*TASK DESCRIPTION*.
Omitting the pictures, output all of the records precisely as written.

*Saved entries*.
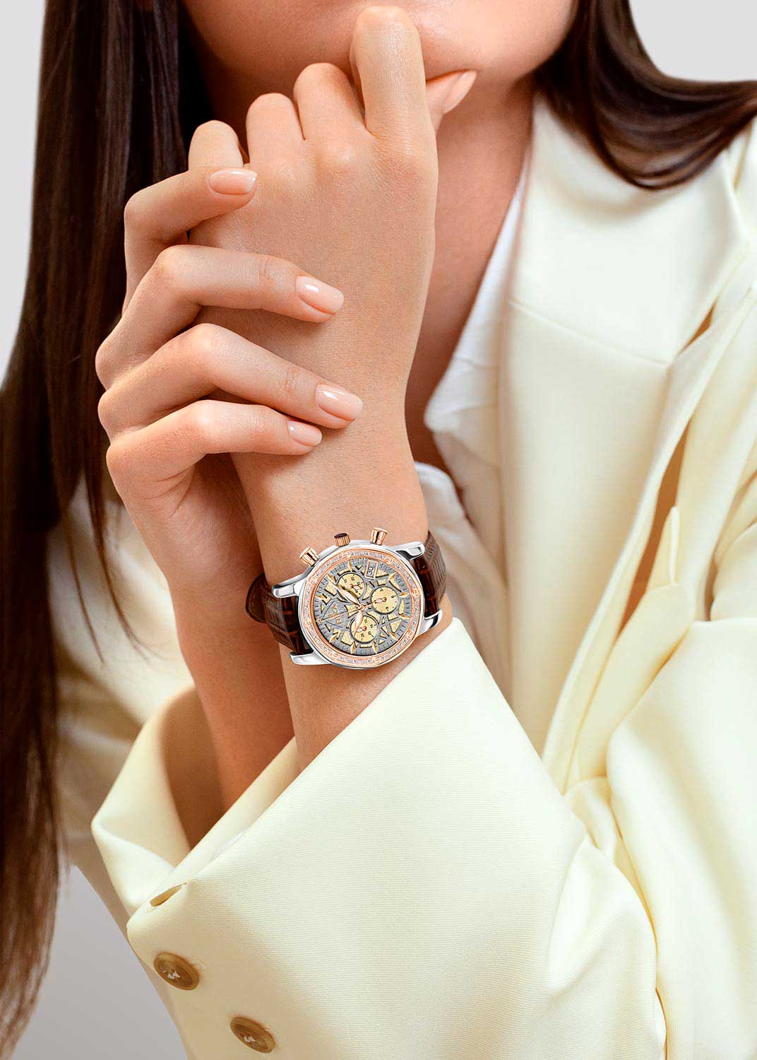 Фактурный двухуровневый циферблат украшен логотипом бренда. Накладные метки в виде штрихов. Листовидные стрелки в стиле Feuille с люминесцентным покрытием, которое светится в темноте после непродолжительной зарядки на свету.
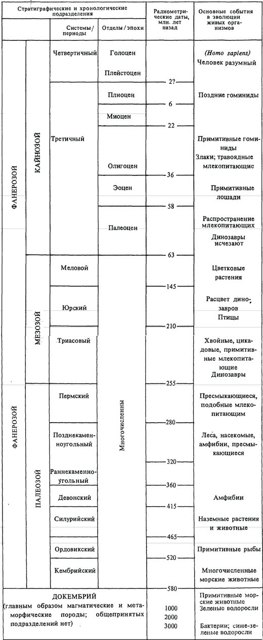 Как показывает таблица 1, систематические датировки слоев заканчиваются на уровне 580 миллионов лет, вблизи основания кембрийской системы. Нижележащие докембрийские породы включают лишь небольшое количество осадочных пластов и главным образом состоят из сложного комплекса магматических и метаморфических пород. Многие из этих пород были датированы. Измеренный до настоящего времени возраст наиболее древних пород достигает 3,7 миллиарда лет, но, конечно, будут обнаружены и более древние. Что касается возраста самой Земли, то он не определен точно, но различные данные, в том числе астрономические, позволяют предположить, что Земля как планета насчитывает 4,5 миллиарда лет.
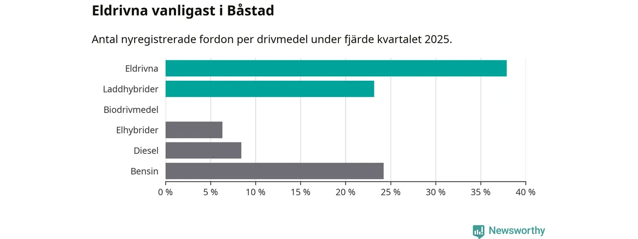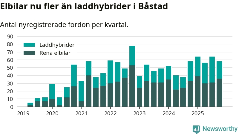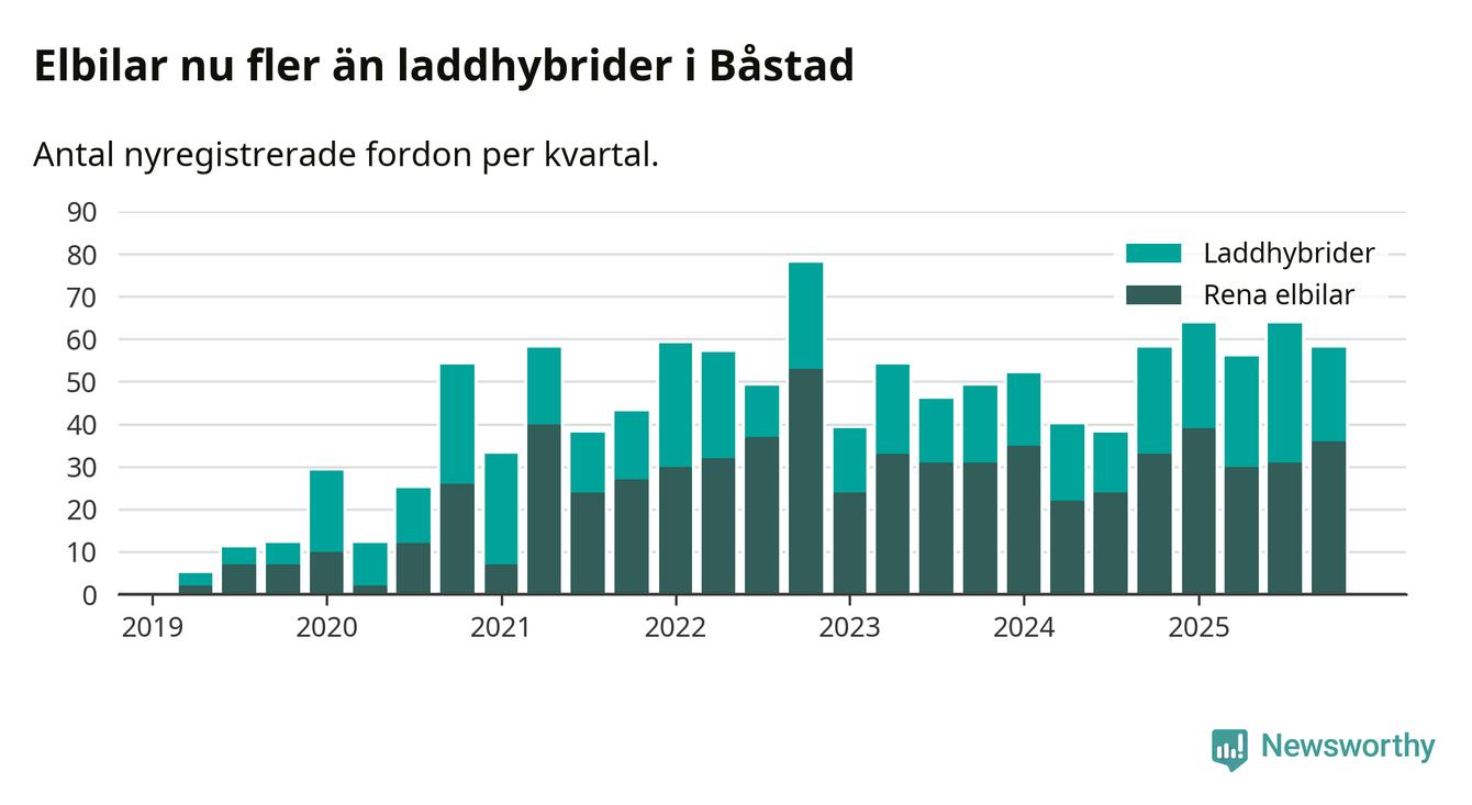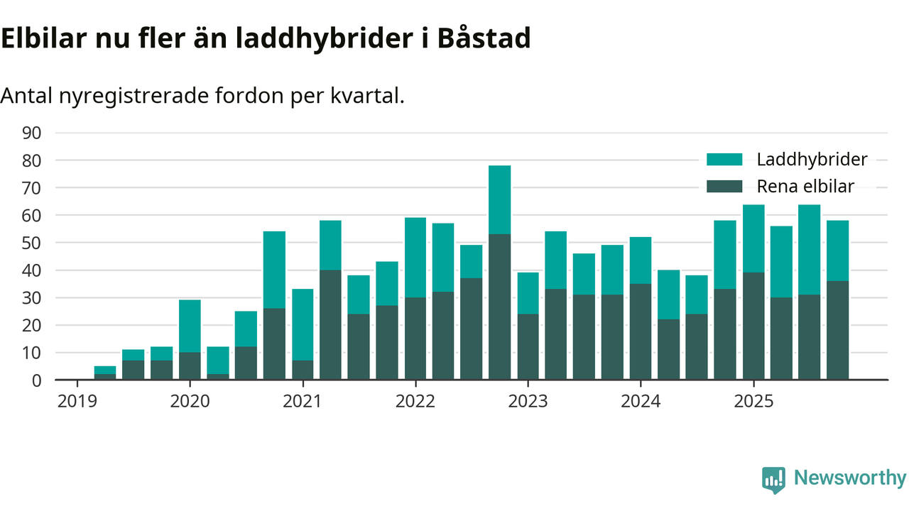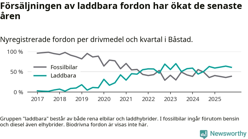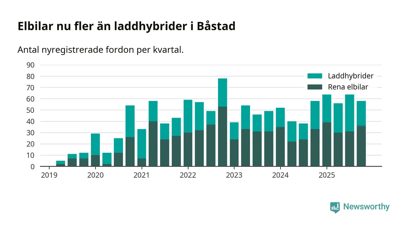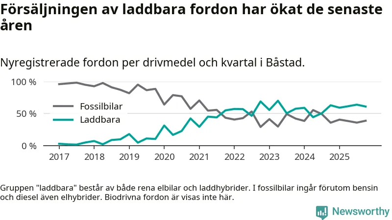 Under fjärde kvartalet 2025 var 61 procent av alla nyregistrerade personbilar i Båstad laddbara (sammanlagt registrerades 95 nya bilar). Merparten av de laddbara bilarna var rena elbilar (38 procent av alla).
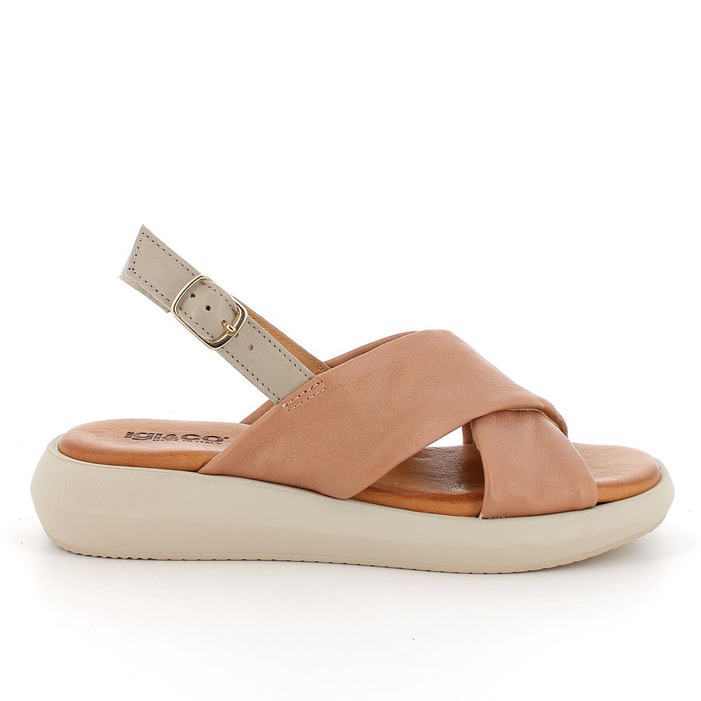 These women's cross-banded sandals are contemporary and sophisticated. This is demonstrated by the particular rounded design of the sole which follows the latest fashion trends. The lines are soft as the leather-covered memory foam insole
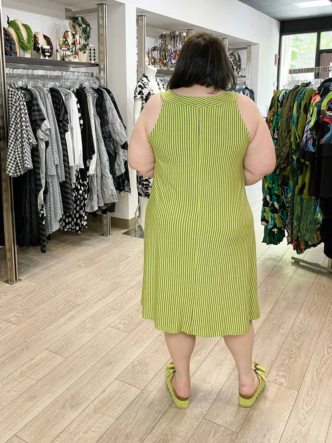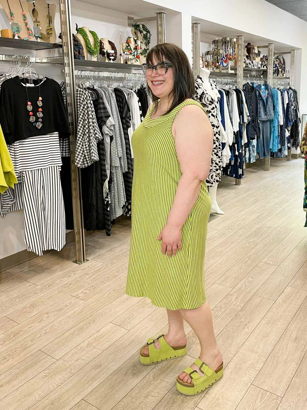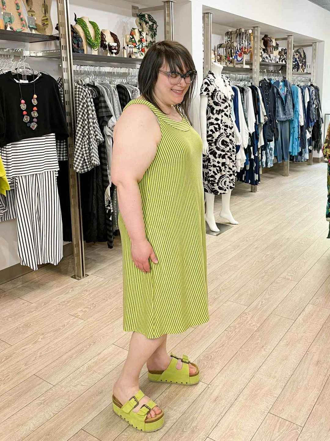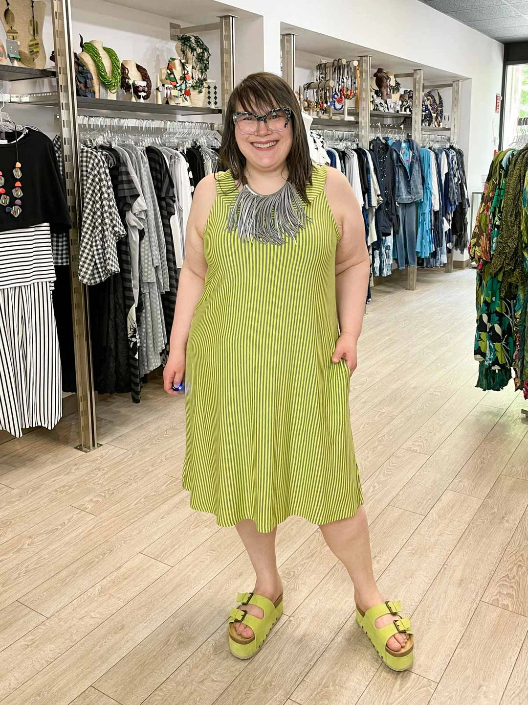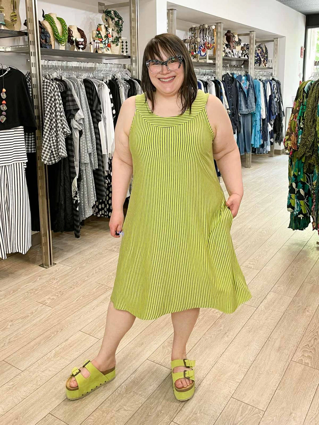 This easy a-line dress from Pure Essence features a flattering round neckline with bra-friendly straps. The swingy a-line silhouette hits at knee length, with side seam pockets.
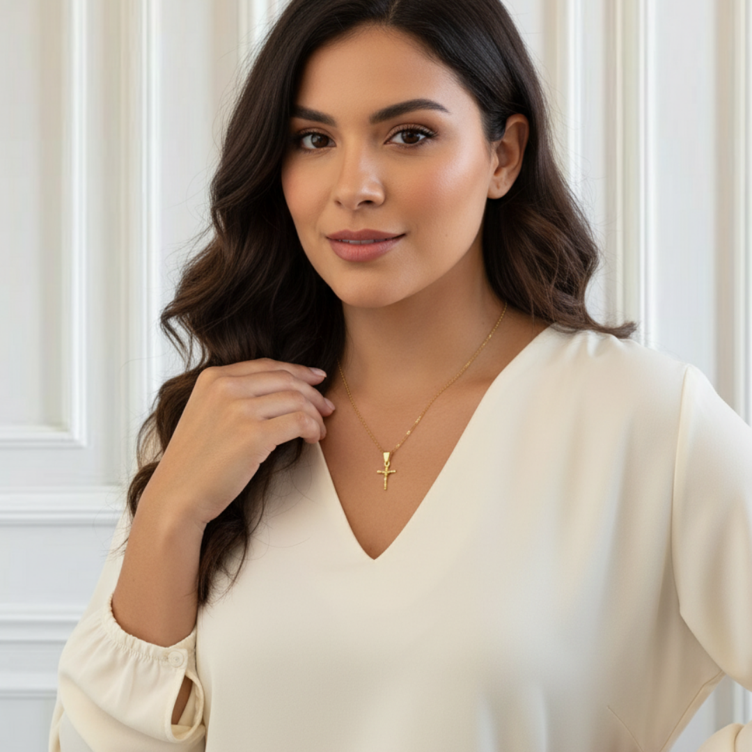 Su tamaño pequeño lo hace ideal para quienes prefieren un look más sutil, sin dejar de lado la profundidad y poder simbólico de la cruz.

*RESPONSE AREA*.
 Фактурный двухуровневый циферблат украшен логотипом бренда. Накладные метки в виде штрихов. Листовидные стрелки в стиле Feuille с люминесцентным покрытием, которое светится в темноте после непродолжительной зарядки на свету.
 Как показывает таблица 1, систематические датировки слоев заканчиваются на уровне 580 миллионов лет, вблизи основания кембрийской системы. Нижележащие докембрийские породы включают лишь небольшое количество осадочных пластов и главным образом состоят из сложного комплекса магматических и метаморфических пород. Многие из этих пород были датированы. Измеренный до настоящего времени возраст наиболее древних пород достигает 3,7 миллиарда лет, но, конечно, будут обнаружены и более древние. Что касается возраста самой Земли, то он не определен точно, но различные данные, в том числе астрономические, позволяют предположить, что Земля как планета насчитывает 4,5 миллиарда лет.
 Under fjärde kvartalet 2025 var 61 procent av alla nyregistrerade personbilar i Båstad laddbara (sammanlagt registrerades 95 nya bilar). Merparten av de laddbara bilarna var rena elbilar (38 procent av alla).
 These women's cross-banded sandals are contemporary and sophisticated. This is demonstrated by the particular rounded design of the sole which follows the latest fashion trends. The lines are soft as the leather-covered memory foam insole
 This easy a-line dress from Pure Essence features a flattering round neckline with bra-friendly straps. The swingy a-line silhouette hits at knee length, with side seam pockets.
 Su tamaño pequeño lo hace ideal para quienes prefieren un look más sutil, sin dejar de lado la profundidad y poder simbólico de la cruz.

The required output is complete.